• [WHAT TO DO]
Could you reproduce every entry as it stands, leaving the pictures behind?

╭─ DATA TO PROCESS

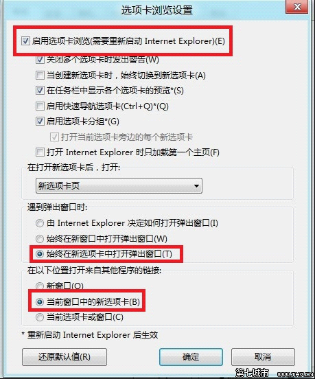 4、在打開的選項卡瀏覽設置界面中,勾選中“啟用選項卡瀏覽”、“始終在新選項卡中打開彈出窗口”、“當前窗口中的新選項卡”這三項,并確定。
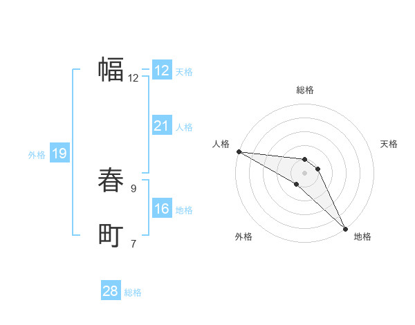 幅 春町さんの総格は28画の1点!
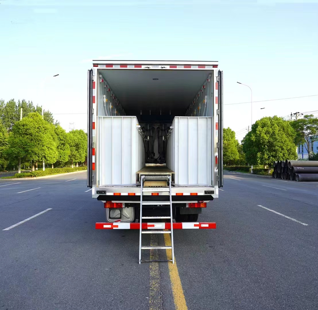 三、选装配置:可选装厢体侧门(单侧门或双开门),可选装铝合金导风槽(导风槽有助于冷气循环,提升制冷效果),可选装厢体顶部加固肉勾滑道(直滑道 或 对接互通式拐弯滑道)。可选装厢体内部采用全面不锈钢材质(海鲜运输必须加装,海水有腐蚀性),可选装280V-380V外接电源(停车熄火后可插电冷机继续制冷工作),可选装温湿度监控记录仪(带打印功能)。
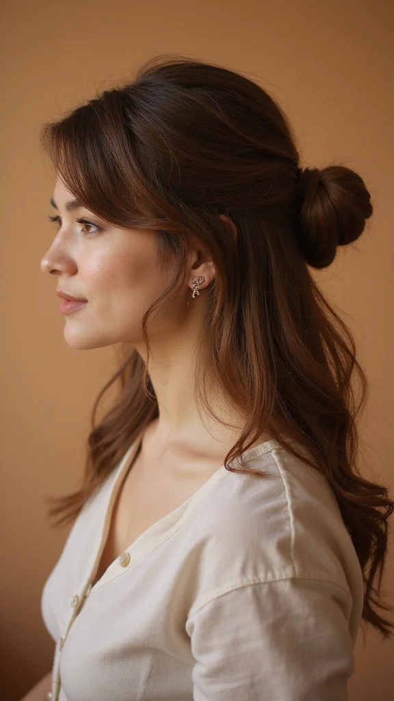End our list with the relaxed half-bun, a super easy and laid-back hairstyle! This style combines comfort with flair, making it perfect for cozy nights in or running errands. Picture a messy bun that captures the essence of effortless style.
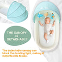 • All-Around Protection and Portable Design:Give your baby the ultimate protection and comfort wherever life takes you! Our premium portable baby nest lounger features a detachable canopy and mosquito net, shielding your little one from harsh sunlight, pesky bugs, and distractions—perfect for indoor naps, outdoor picnics, or family travels. Designed with a lightweight, foldable frame and a convenient carry backpack, it’s a breeze for parents to transport. Whether you’re at home, visiting grandparents, or exploring the park, this baby nest lounger creates a safe, cozy haven for your newborn anytime, anywhere.
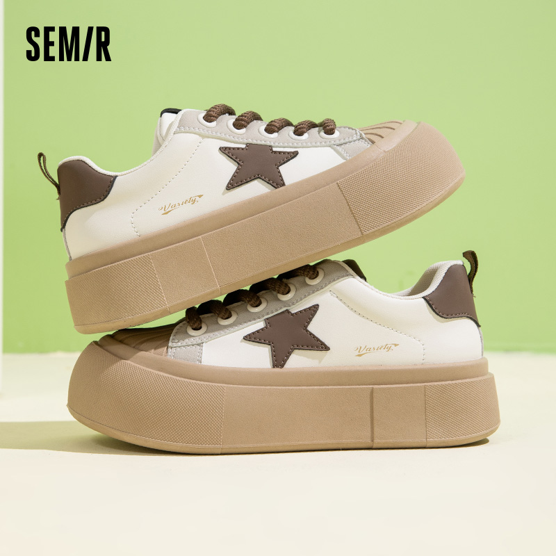Semir女鞋面包鞋2025新款春秋季星星小白鞋休闲百搭厚底增高板鞋
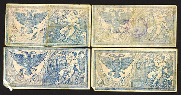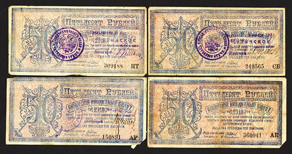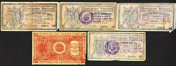 Russia, Lot of 5 Notes, Includes 5 Rubles, P-S961a (1) and P-S961b (3), All in VG to Choice VF to XF, Attractive series and 1919, 10 Rubles, P-S969, Choice VF to XF. Scarce note. (The Pogrebetsky Family Archives)
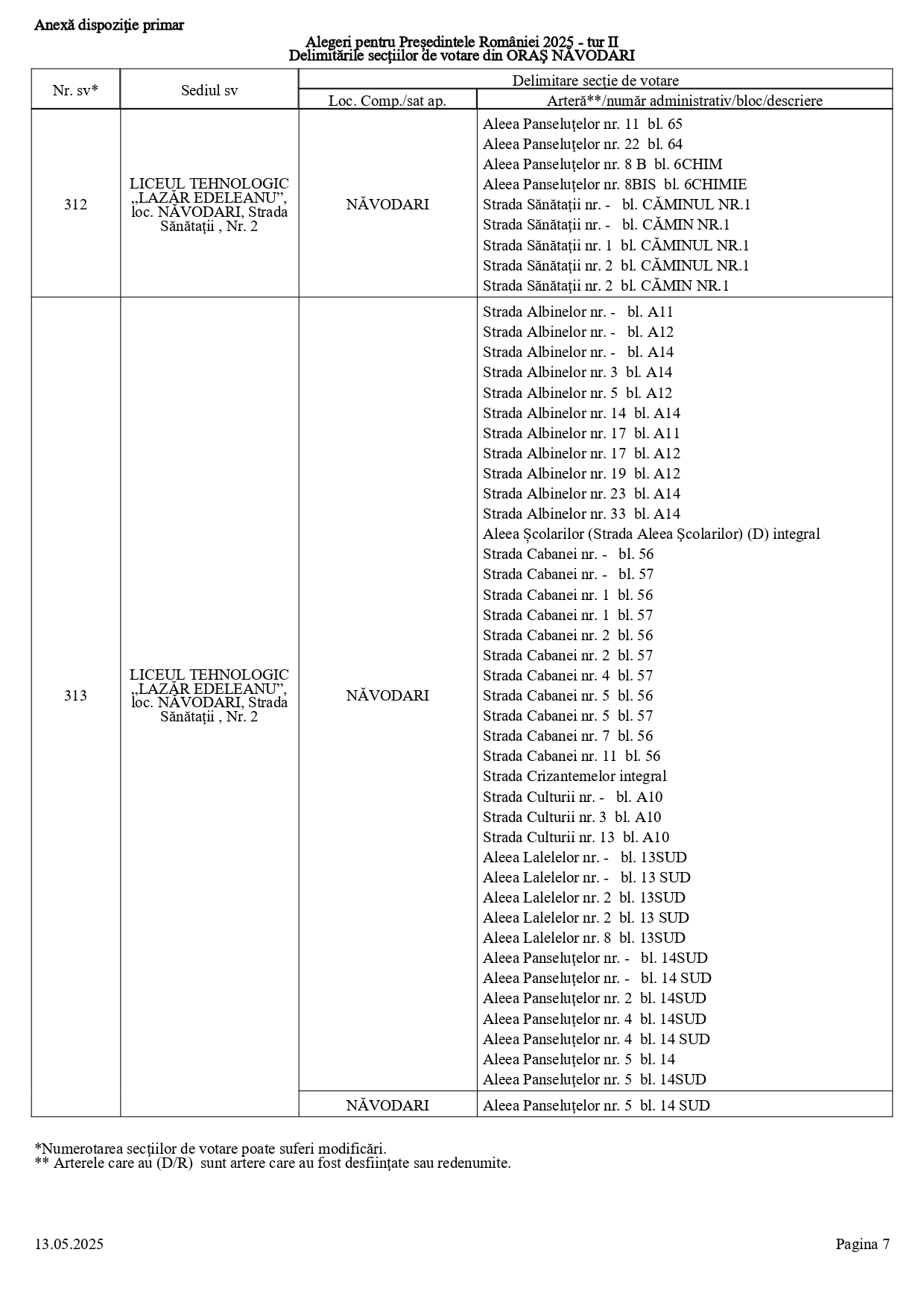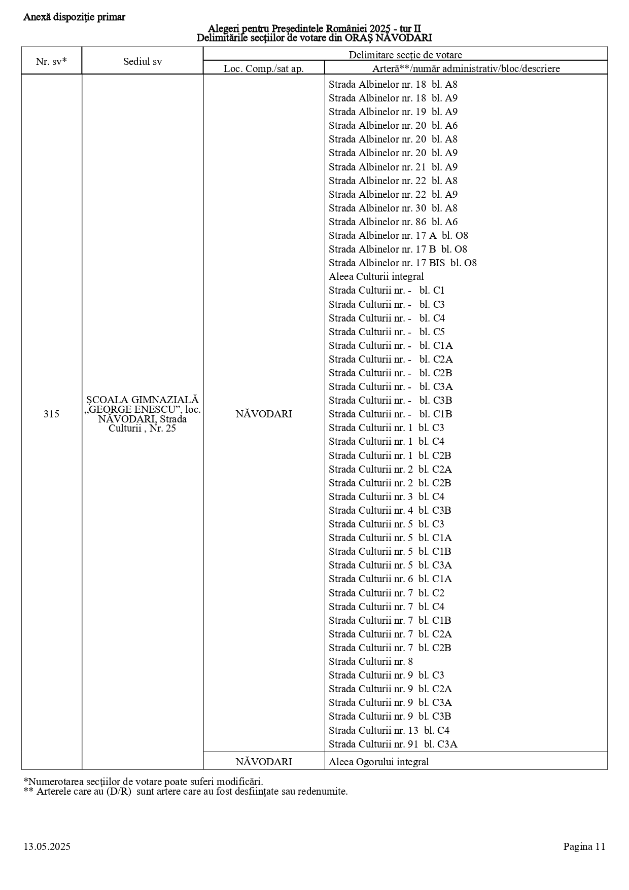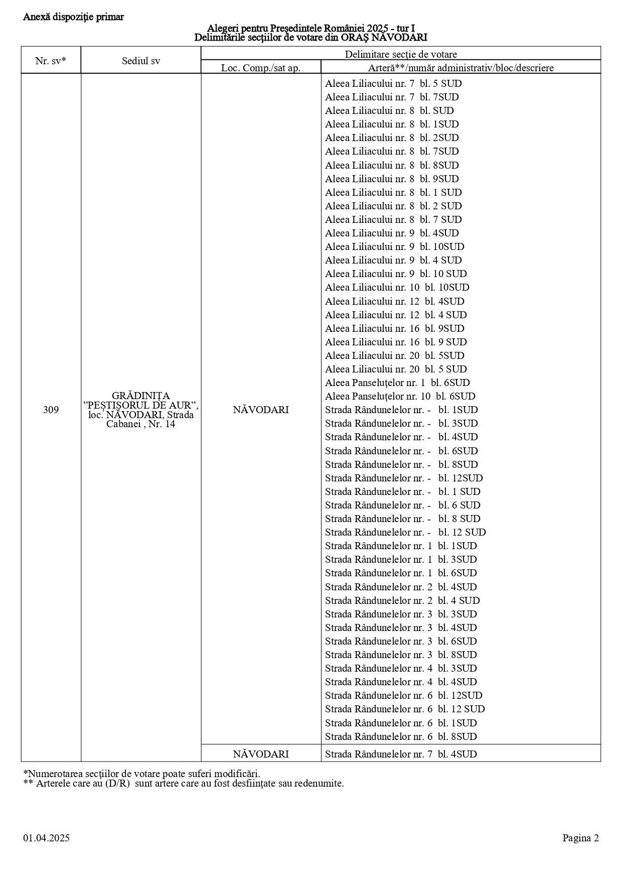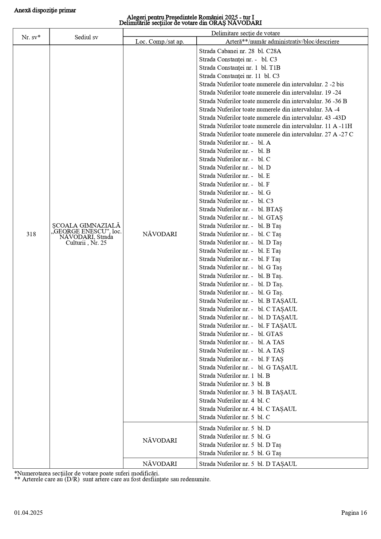 Vă prezentăm, în documentul de mai jos, tabelul conținând informații privind delimitările secțiilor de votare din orașul Năvodari: numărul și sediul secției de votare, cu străzile/arterele aferente (număr administrativ/bloc/descriere).
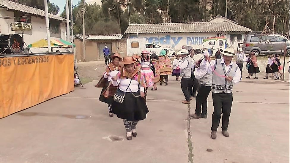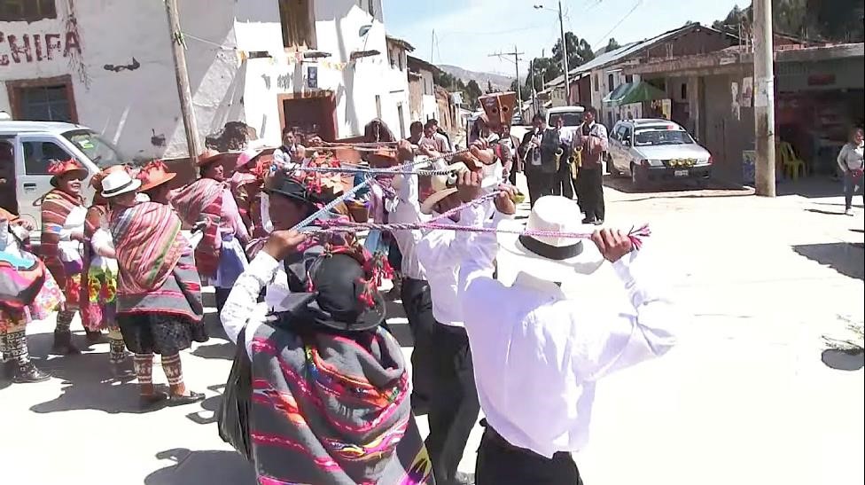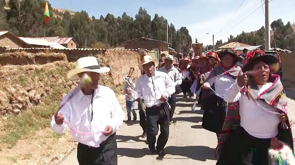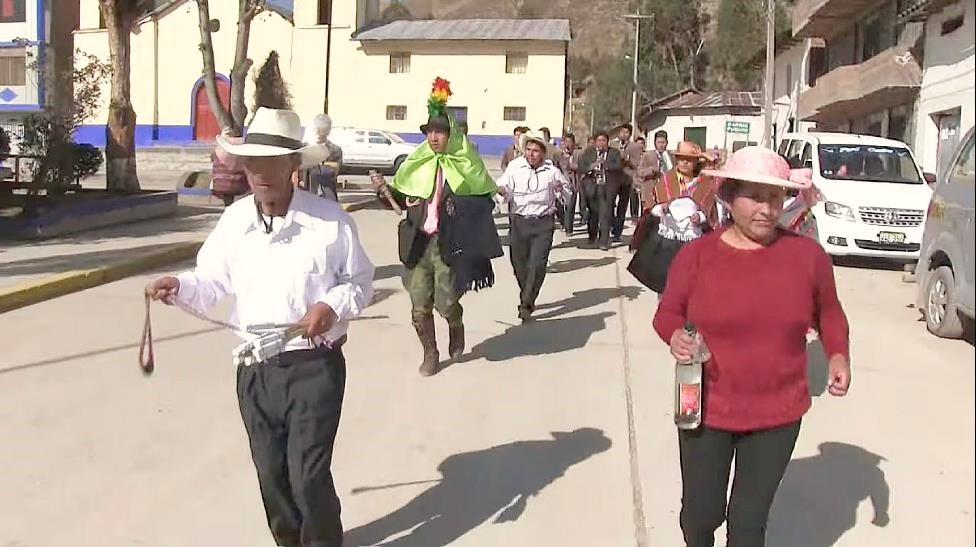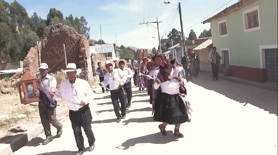 Vestimenta de mujer: Pullo o manta multicolor; sombrero, adornado con flor de cantuta; ojotas de pellejo de llama, falda o fustán de color rojo, negro, verde o anaranjado; blusa blanca, rosado o verde, wallqui (en quechua huanca significa bolsa donde se lleva la coca) y una honda. Vestimenta del varón: Chullo; camisa blanca, poncho negro, pantalón negro, medias de lana de ovino, ojotas, honda o huaraca, y wallqui.
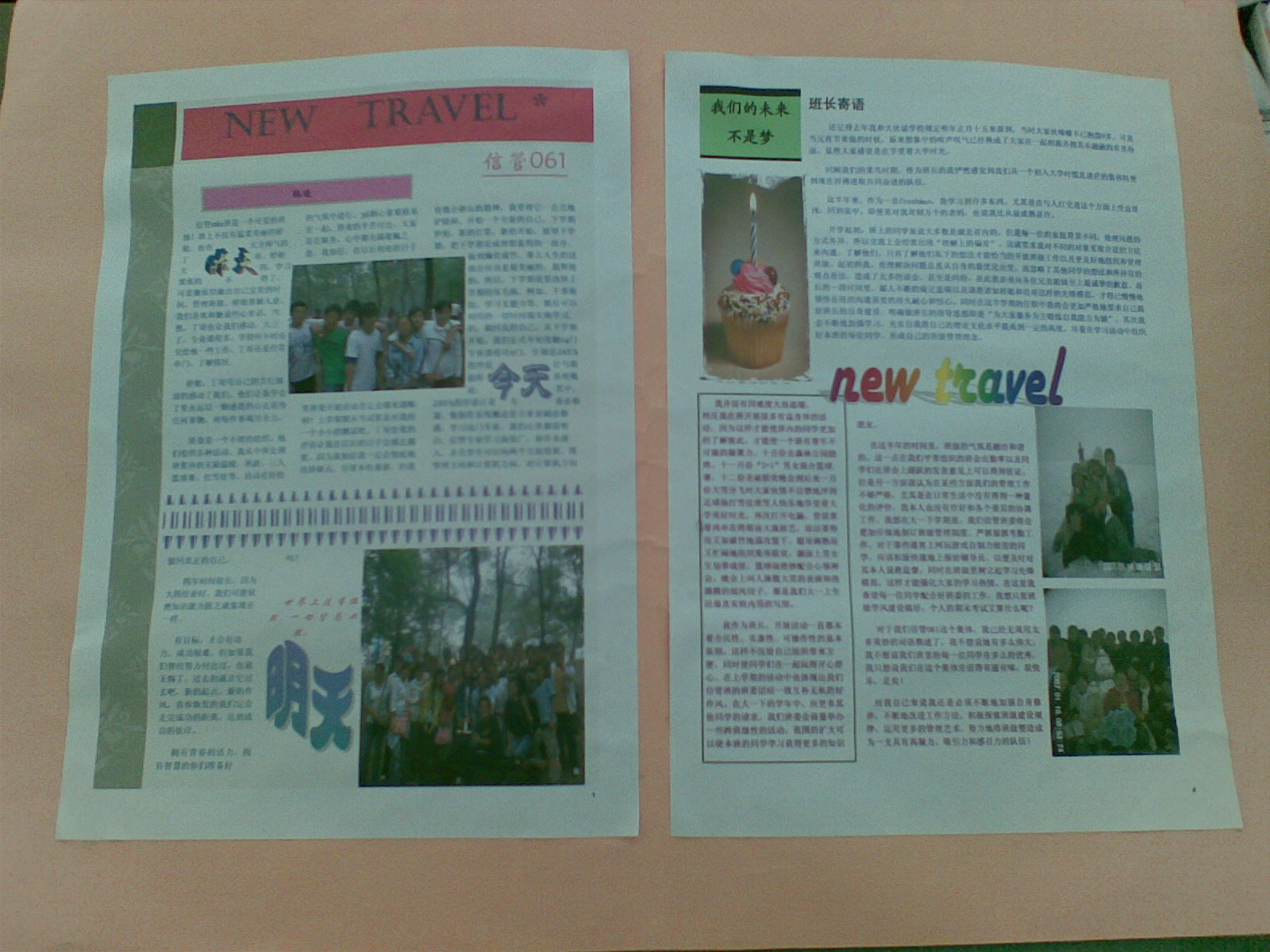 3月26日,公司大一各班以“new travel”为主题的团报在阳光校区食堂侧门口成功展出。此次共收到20余副由班级同学制作精美,内容丰富的作品。
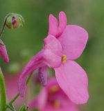This mat forming tender perennial is native South Africa. It is a member of the figwort family, Scrophylariaceae, that also includes butterfly bush, mullein, and nemesia. Plants grow 12″ tall and have glossy green, ovate-lanceolate leaves that are up to 1″ long and have toothed margins. The flowers appear from spring to summer in loose terminal racemes well above the foliage and are 3/4″ across, rose pink with a yellow throat, and have two 1/4″ long downward-angled spurs. Plants are usually grown as annuals but do not do well in high heat and humidity and may stop blooming as conditions become unfavorable for them. The least cold hardy of diascias, D. barberae is a good choice for West Coast gardeners or fall planting with pansies and snapdragons in other areas; good in borders, rock gardens, containers and hanging baskets. The genus name, Diascia, comes from the Greek di meaning two and askos meaning pouch, referring to the two sacs of the type species. The specific epithet, barberae, probably honors some plant enthusite with the surname of Barber, perhaps Mary Elizabeth Barber (1818–1899), and English naturalist.
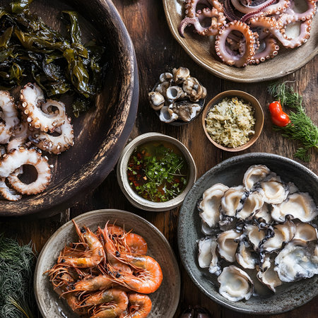 A captivating seafood platter showcasing an array of fresh shrimp, scallops, and squid, garnished with herbs and served with vibrant sauces.
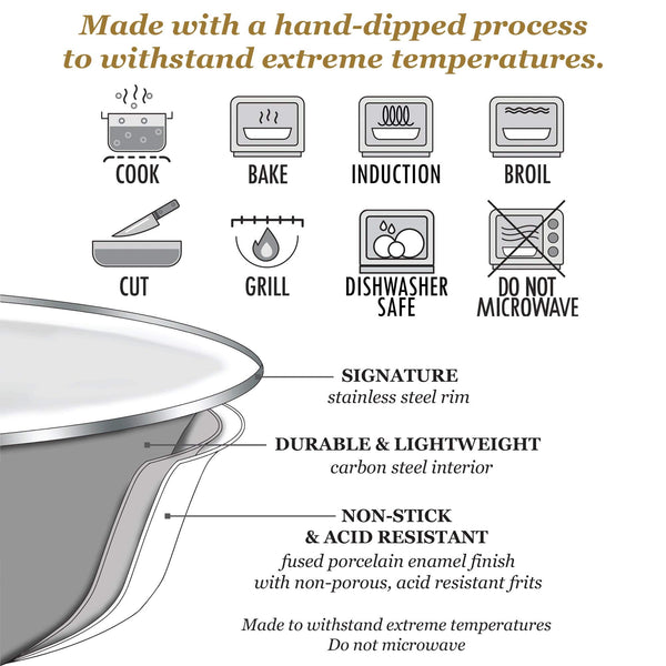 This enamelware is made of carbon steel coated with a porcelain enamel and trimmed in stainless steel. There will be variations in the shading of colors and pattern formations which are the results of the hand-dipped process.

╰─

• [EXERCISE ANSWER]
 4、在打開的選項卡瀏覽設置界面中,勾選中“啟用選項卡瀏覽”、“始終在新選項卡中打開彈出窗口”、“當前窗口中的新選項卡”這三項,并確定。
 幅 春町さんの総格は28画の1点!
 三、选装配置:可选装厢体侧门(单侧门或双开门),可选装铝合金导风槽(导风槽有助于冷气循环,提升制冷效果),可选装厢体顶部加固肉勾滑道(直滑道 或 对接互通式拐弯滑道)。可选装厢体内部采用全面不锈钢材质(海鲜运输必须加装,海水有腐蚀性),可选装280V-380V外接电源(停车熄火后可插电冷机继续制冷工作),可选装温湿度监控记录仪(带打印功能)。
End our list with the relaxed half-bun, a super easy and laid-back hairstyle! This style combines comfort with flair, making it perfect for cozy nights in or running errands. Picture a messy bun that captures the essence of effortless style.
 • All-Around Protection and Portable Design:Give your baby the ultimate protection and comfort wherever life takes you! Our premium portable baby nest lounger features a detachable canopy and mosquito net, shielding your little one from harsh sunlight, pesky bugs, and distractions—perfect for indoor naps, outdoor picnics, or family travels. Designed with a lightweight, foldable frame and a convenient carry backpack, it’s a breeze for parents to transport. Whether you’re at home, visiting grandparents, or exploring the park, this baby nest lounger creates a safe, cozy haven for your newborn anytime, anywhere.
Semir女鞋面包鞋2025新款春秋季星星小白鞋休闲百搭厚底增高板鞋
 Russia, Lot of 5 Notes, Includes 5 Rubles, P-S961a (1) and P-S961b (3), All in VG to Choice VF to XF, Attractive series and 1919, 10 Rubles, P-S969, Choice VF to XF. Scarce note. (The Pogrebetsky Family Archives)
 Vă prezentăm, în documentul de mai jos, tabelul conținând informații privind delimitările secțiilor de votare din orașul Năvodari: numărul și sediul secției de votare, cu străzile/arterele aferente (număr administrativ/bloc/descriere).
 Vestimenta de mujer: Pullo o manta multicolor; sombrero, adornado con flor de cantuta; ojotas de pellejo de llama, falda o fustán de color rojo, negro, verde o anaranjado; blusa blanca, rosado o verde, wallqui (en quechua huanca significa bolsa donde se lleva la coca) y una honda. Vestimenta del varón: Chullo; camisa blanca, poncho negro, pantalón negro, medias de lana de ovino, ojotas, honda o huaraca, y wallqui.
 3月26日,公司大一各班以“new travel”为主题的团报在阳光校区食堂侧门口成功展出。此次共收到20余副由班级同学制作精美,内容丰富的作品。
This mat forming tender perennial is native South Africa. It is a member of the figwort family, Scrophylariaceae, that also includes butterfly bush, mullein, and nemesia. Plants grow 12″ tall and have glossy green, ovate-lanceolate leaves that are up to 1″ long and have toothed margins. The flowers appear from spring to summer in loose terminal racemes well above the foliage and are 3/4″ across, rose pink with a yellow throat, and have two 1/4″ long downward-angled spurs. Plants are usually grown as annuals but do not do well in high heat and humidity and may stop blooming as conditions become unfavorable for them. The least cold hardy of diascias, D. barberae is a good choice for West Coast gardeners or fall planting with pansies and snapdragons in other areas; good in borders, rock gardens, containers and hanging baskets. The genus name, Diascia, comes from the Greek di meaning two and askos meaning pouch, referring to the two sacs of the type species. The specific epithet, barberae, probably honors some plant enthusite with the surname of Barber, perhaps Mary Elizabeth Barber (1818–1899), and English naturalist.
 A captivating seafood platter showcasing an array of fresh shrimp, scallops, and squid, garnished with herbs and served with vibrant sauces.
 This enamelware is made of carbon steel coated with a porcelain enamel and trimmed in stainless steel. There will be variations in the shading of colors and pattern formations which are the results of the hand-dipped process.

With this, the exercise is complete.